* _Task brief_
In the copy, keep every word of the data below and none of its pictures.

Stored data entries:
□ □ □ □
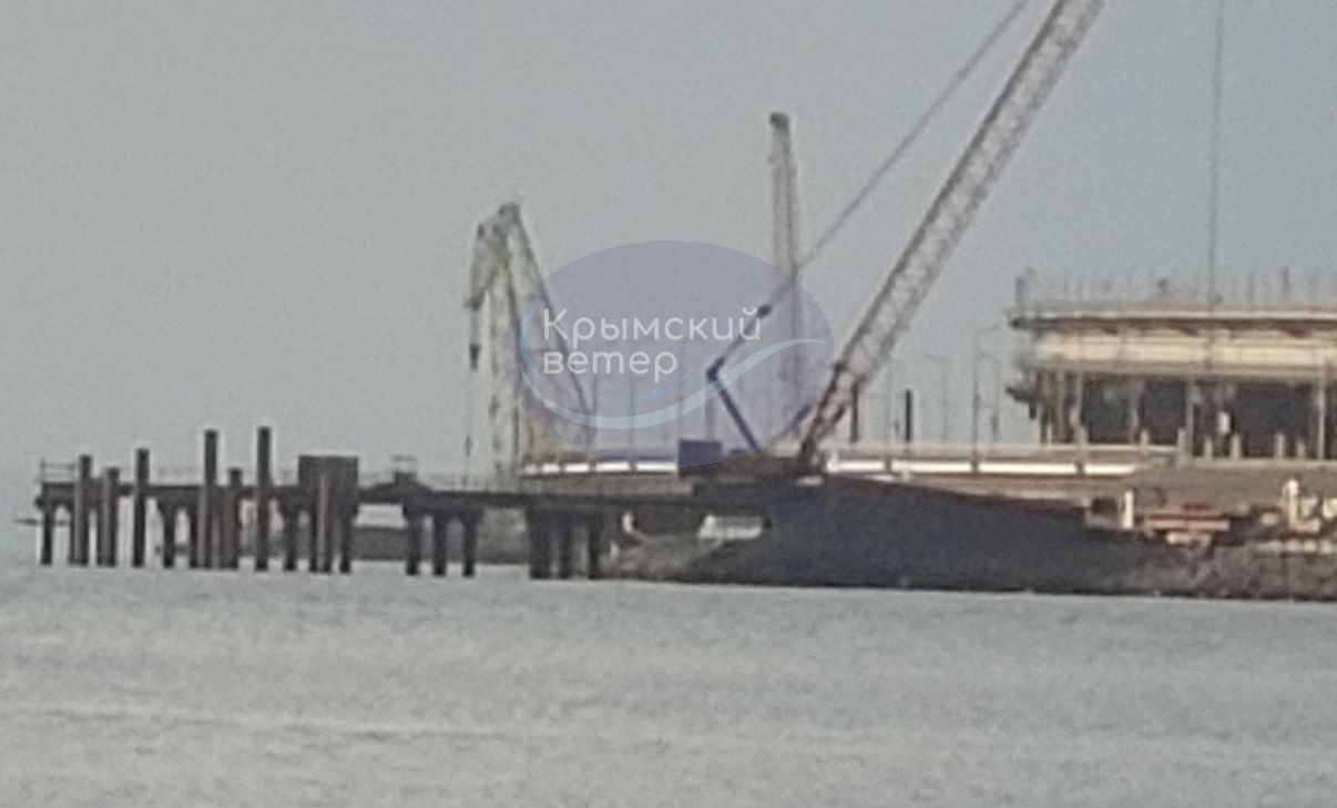 "Наші очі" все бачать: біля Керченського мосту триває будівництво паралельної споруди, яка також нагадує міст. Раніше (6 серпня – 24 Канал) ми повідомляли, що для зведення паралельного мосту забивають палі,
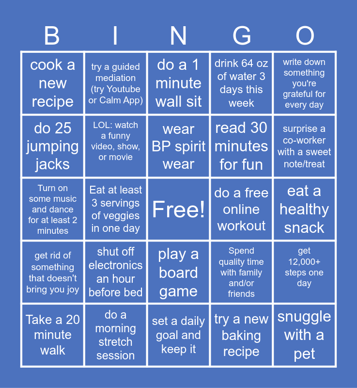 This bingo card has a free space and 24 words: shut off electronics an hour before bed, do a morning stretch session, wear BP spirit wear, Take a 20 minute walk, write down something you're grateful for every day, cook a new recipe, do 25 jumping jacks, try a guided mediation (try Youtube or Calm App), do a free online workout, play a board game, read 30 minutes for fun, Turn on some music and dance for at least 2 minutes, Spend quality time with family and/or friends, get 12,000+ steps one day, LOL: watch a funny video, show, or movie, try a new baking recipe, eat a healthy snack, do a 1 minute wall sit, surprise a co-worker with a sweet note/treat, Eat at least 3 servings of veggies in one day, snuggle with a pet, get rid of something that doesn't bring you joy, drink 64 oz of water 3 days this week and set a daily goal and keep it.
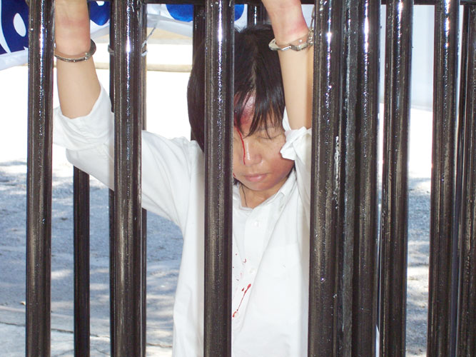 ![]() 酷刑演示:吊打 | ![]() 酷刑演示:蹲小号 | ![]() 震惊的观众 |
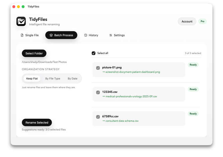 TidyFiles reads your documents, images, and spreadsheets to generate clean, semantic names you can trust. Keep your team organised without manual cleanup.
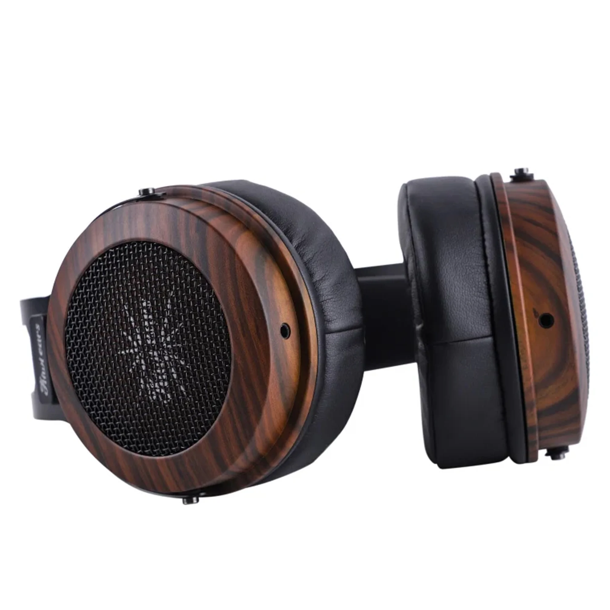 Корпус выполнен из сочетания стали с PVD-покрытием, дерева и веганской кожи, что обеспечивает приятные тактильные ощущения и прочность. Каждый элемент наушников продуман для долгих прослушиваний без усталости, сохраняя при этом привлекательный внешний вид и надежность на долгие годы.
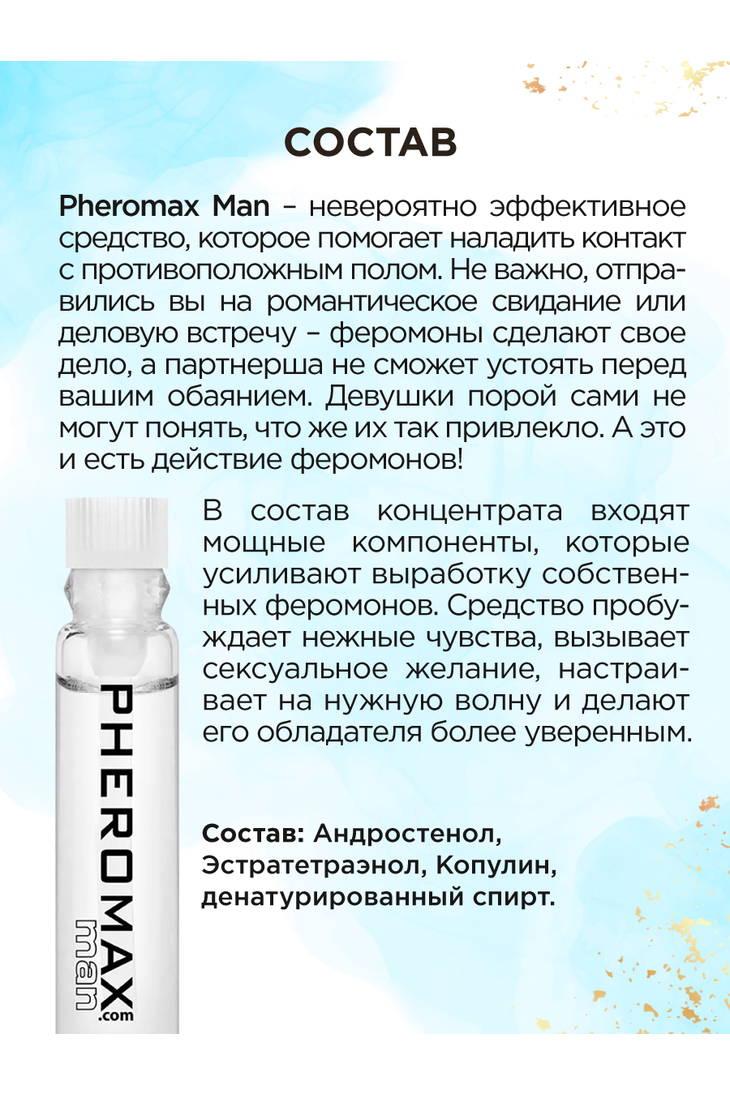 Pheromax for Men - это синтезированный концентрат феромонов, которые производит мужчина. На сегодняшний день эти феромоны самые сильные и действенные, поэтому достаточно нанести всего 1 каплю на пульсирующие места (уши, шея, интимная зона), чтобы они начали незамедлительно свою работу.
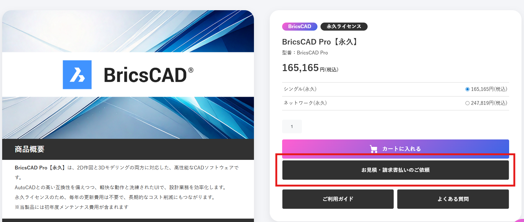 ご希望の場合は、ご購入前に各製品詳細ページの「お見積・請求書払いのご依頼」ボタンよりご連絡ください。
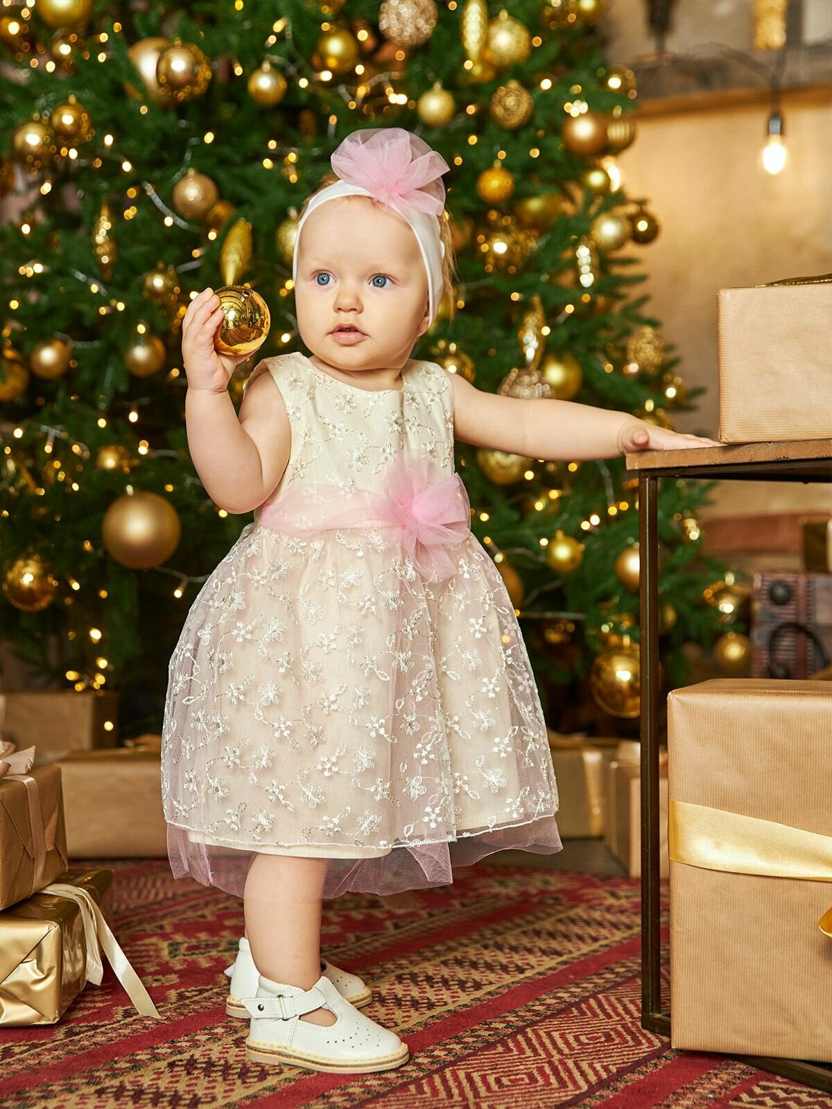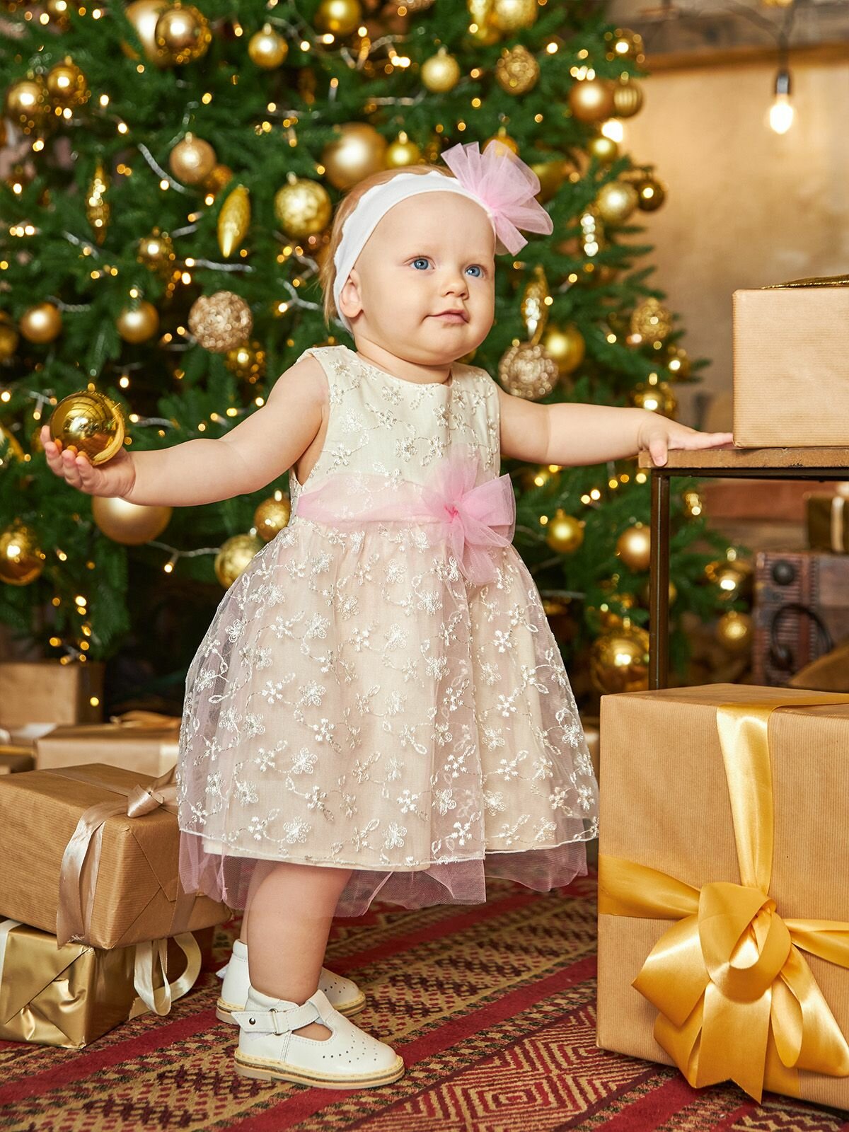 Платье для девочки Осьминожка нарядное и повязка на голову для девочки, цвет молочный, размер 92
□ □ □ □
* _Your response_
 "Наші очі" все бачать: біля Керченського мосту триває будівництво паралельної споруди, яка також нагадує міст. Раніше (6 серпня – 24 Канал) ми повідомляли, що для зведення паралельного мосту забивають палі,
 This bingo card has a free space and 24 words: shut off electronics an hour before bed, do a morning stretch session, wear BP spirit wear, Take a 20 minute walk, write down something you're grateful for every day, cook a new recipe, do 25 jumping jacks, try a guided mediation (try Youtube or Calm App), do a free online workout, play a board game, read 30 minutes for fun, Turn on some music and dance for at least 2 minutes, Spend quality time with family and/or friends, get 12,000+ steps one day, LOL: watch a funny video, show, or movie, try a new baking recipe, eat a healthy snack, do a 1 minute wall sit, surprise a co-worker with a sweet note/treat, Eat at least 3 servings of veggies in one day, snuggle with a pet, get rid of something that doesn't bring you joy, drink 64 oz of water 3 days this week and set a daily goal and keep it.
 ![]() 酷刑演示:吊打 | ![]() 酷刑演示:蹲小号 | ![]() 震惊的观众 |
 TidyFiles reads your documents, images, and spreadsheets to generate clean, semantic names you can trust. Keep your team organised without manual cleanup.
 Корпус выполнен из сочетания стали с PVD-покрытием, дерева и веганской кожи, что обеспечивает приятные тактильные ощущения и прочность. Каждый элемент наушников продуман для долгих прослушиваний без усталости, сохраняя при этом привлекательный внешний вид и надежность на долгие годы.
 Pheromax for Men - это синтезированный концентрат феромонов, которые производит мужчина. На сегодняшний день эти феромоны самые сильные и действенные, поэтому достаточно нанести всего 1 каплю на пульсирующие места (уши, шея, интимная зона), чтобы они начали незамедлительно свою работу.
 ご希望の場合は、ご購入前に各製品詳細ページの「お見積・請求書払いのご依頼」ボタンよりご連絡ください。
 Платье для девочки Осьминожка нарядное и повязка на голову для девочки, цвет молочный, размер 92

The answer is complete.